Data:
* * * *

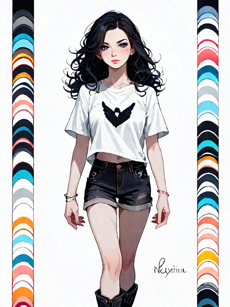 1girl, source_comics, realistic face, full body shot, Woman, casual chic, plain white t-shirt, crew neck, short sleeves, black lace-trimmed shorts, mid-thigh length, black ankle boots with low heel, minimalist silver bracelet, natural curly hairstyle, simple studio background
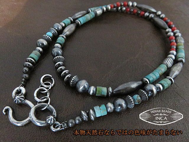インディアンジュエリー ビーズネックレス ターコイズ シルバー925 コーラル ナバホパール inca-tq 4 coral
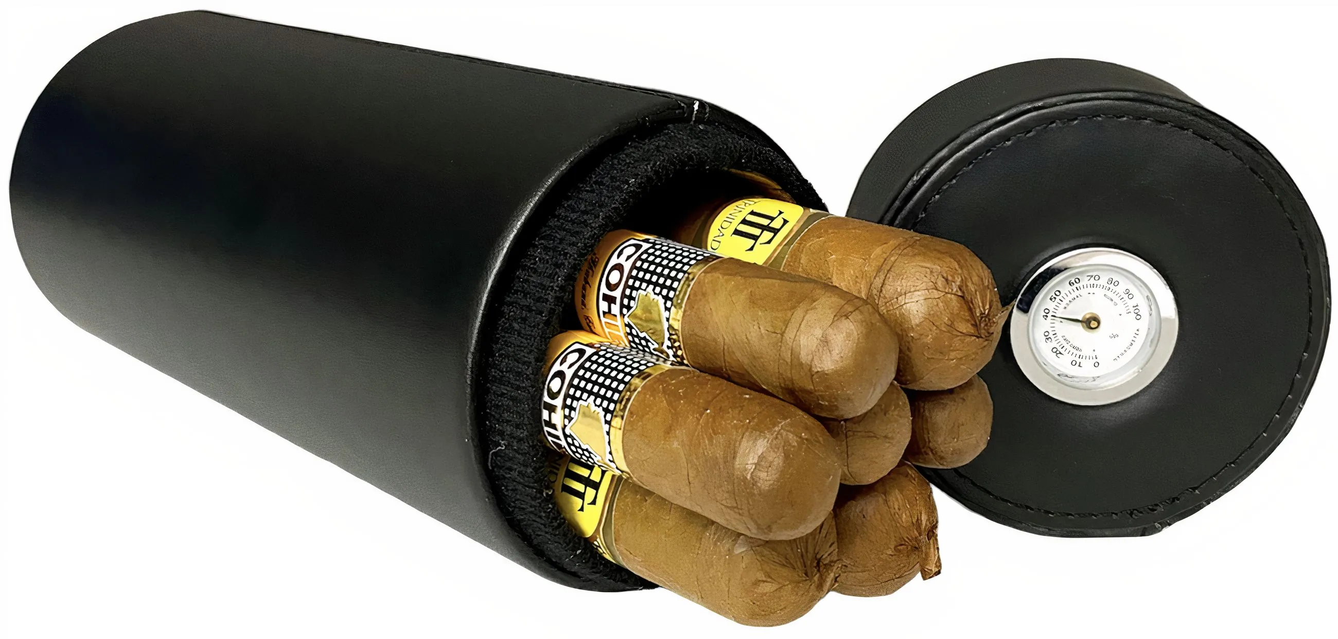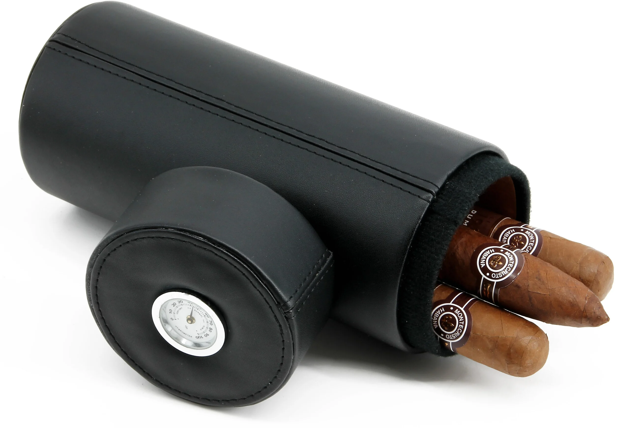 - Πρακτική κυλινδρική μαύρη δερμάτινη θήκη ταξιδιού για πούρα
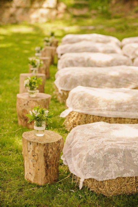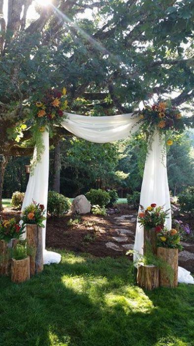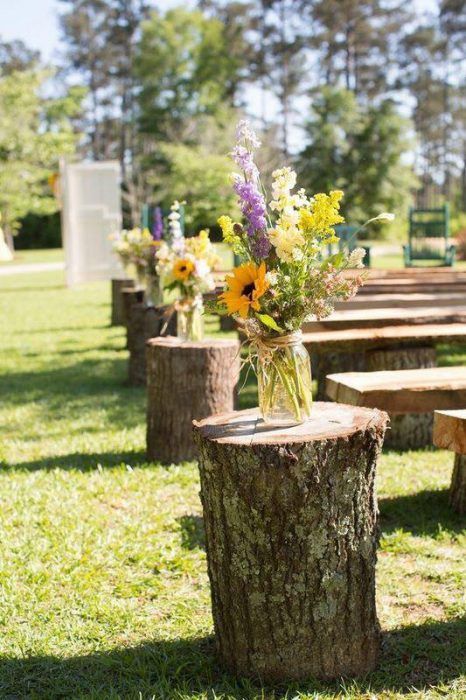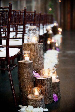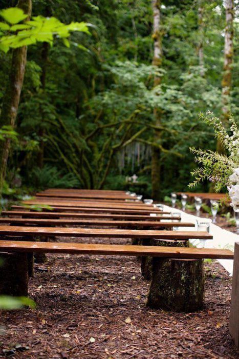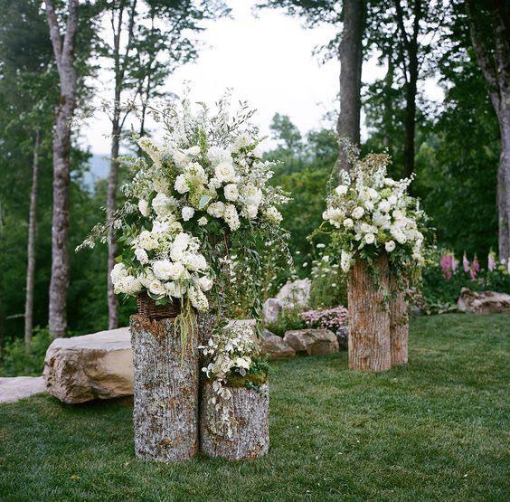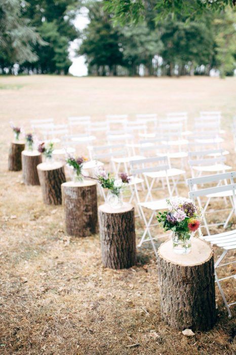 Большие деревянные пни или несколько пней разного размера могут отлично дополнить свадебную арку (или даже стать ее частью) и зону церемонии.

* * * *

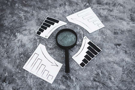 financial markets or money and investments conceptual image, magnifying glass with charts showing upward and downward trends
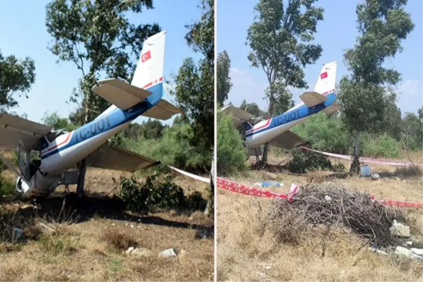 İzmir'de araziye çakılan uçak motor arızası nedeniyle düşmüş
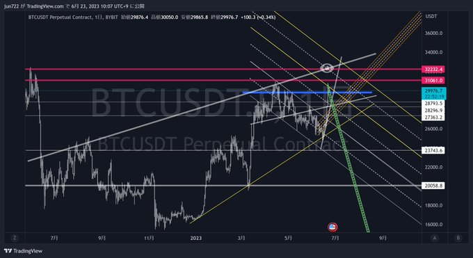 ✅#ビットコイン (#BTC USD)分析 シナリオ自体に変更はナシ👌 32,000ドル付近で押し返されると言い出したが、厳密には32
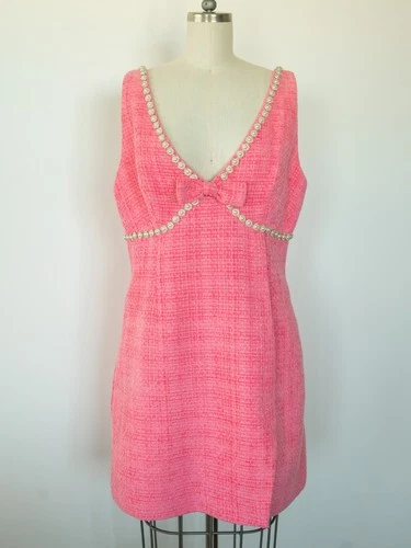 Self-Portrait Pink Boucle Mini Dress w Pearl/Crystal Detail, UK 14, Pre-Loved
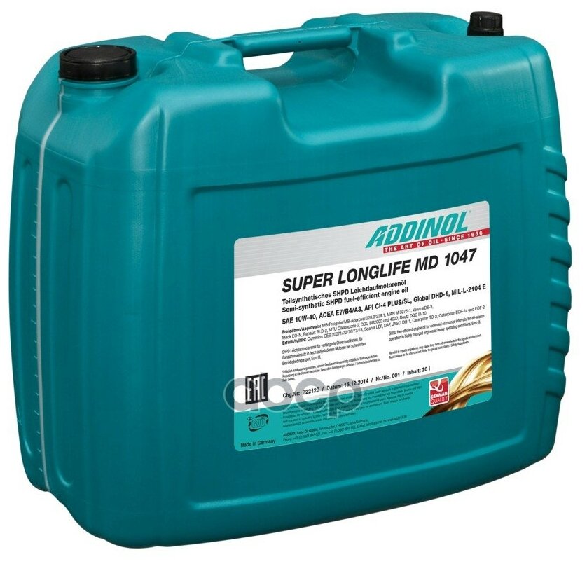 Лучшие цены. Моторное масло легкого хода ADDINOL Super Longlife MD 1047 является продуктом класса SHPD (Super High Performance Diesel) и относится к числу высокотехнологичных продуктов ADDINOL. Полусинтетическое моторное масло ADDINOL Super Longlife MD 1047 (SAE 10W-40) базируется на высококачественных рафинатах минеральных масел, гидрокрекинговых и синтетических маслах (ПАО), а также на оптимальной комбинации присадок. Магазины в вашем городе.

* * * *

For the entries above, print exactly the lines between the one with "1girl, source_comics, realistic" and the one with "Большие деревянные пни", inclusive, with no pictures.

 1girl, source_comics, realistic face, full body shot, Woman, casual chic, plain white t-shirt, crew neck, short sleeves, black lace-trimmed shorts, mid-thigh length, black ankle boots with low heel, minimalist silver bracelet, natural curly hairstyle, simple studio background
インディアンジュエリー ビーズネックレス ターコイズ シルバー925 コーラル ナバホパール inca-tq 4 coral
 - Πρακτική κυλινδρική μαύρη δερμάτινη θήκη ταξιδιού για πούρα
 Большие деревянные пни или несколько пней разного размера могут отлично дополнить свадебную арку (или даже стать ее частью) и зону церемонии.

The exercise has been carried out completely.